Assignment:
The copy has to match the data exactly and leave out every picture.

Collected data:
*** Block opens ***
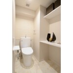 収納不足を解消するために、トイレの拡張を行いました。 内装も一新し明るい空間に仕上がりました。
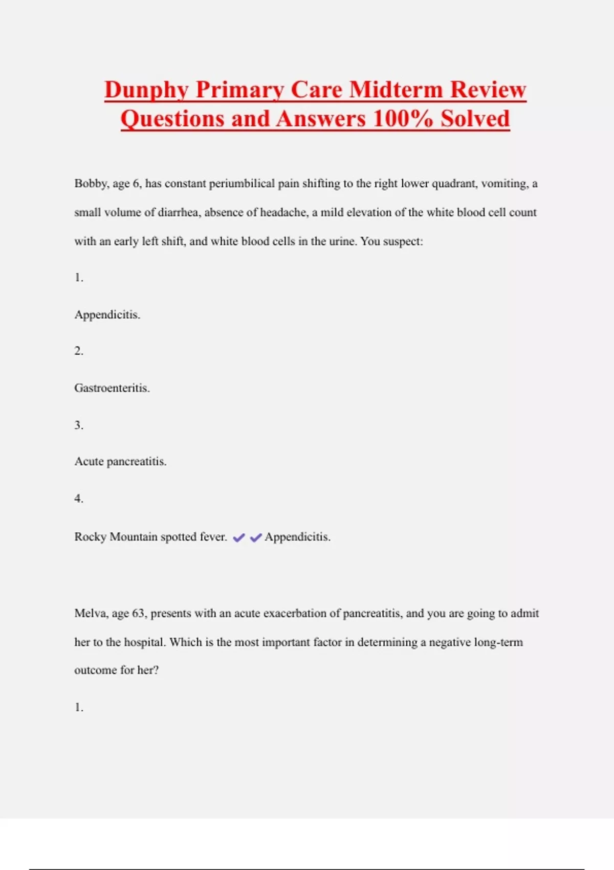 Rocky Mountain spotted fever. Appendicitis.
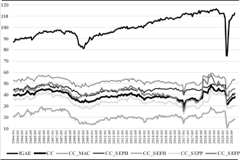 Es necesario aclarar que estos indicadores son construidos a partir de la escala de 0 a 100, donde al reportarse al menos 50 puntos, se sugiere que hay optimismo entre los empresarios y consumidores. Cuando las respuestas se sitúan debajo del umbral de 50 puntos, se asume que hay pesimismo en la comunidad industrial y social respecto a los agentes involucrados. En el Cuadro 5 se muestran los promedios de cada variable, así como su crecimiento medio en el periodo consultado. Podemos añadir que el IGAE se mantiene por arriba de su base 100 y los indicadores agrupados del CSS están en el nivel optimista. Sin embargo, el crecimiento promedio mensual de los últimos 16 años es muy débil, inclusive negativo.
*** Block closes ***
Expected output:
 収納不足を解消するために、トイレの拡張を行いました。 内装も一新し明るい空間に仕上がりました。
 Rocky Mountain spotted fever. Appendicitis.
 Es necesario aclarar que estos indicadores son construidos a partir de la escala de 0 a 100, donde al reportarse al menos 50 puntos, se sugiere que hay optimismo entre los empresarios y consumidores. Cuando las respuestas se sitúan debajo del umbral de 50 puntos, se asume que hay pesimismo en la comunidad industrial y social respecto a los agentes involucrados. En el Cuadro 5 se muestran los promedios de cada variable, así como su crecimiento medio en el periodo consultado. Podemos añadir que el IGAE se mantiene por arriba de su base 100 y los indicadores agrupados del CSS están en el nivel optimista. Sin embargo, el crecimiento promedio mensual de los últimos 16 años es muy débil, inclusive negativo.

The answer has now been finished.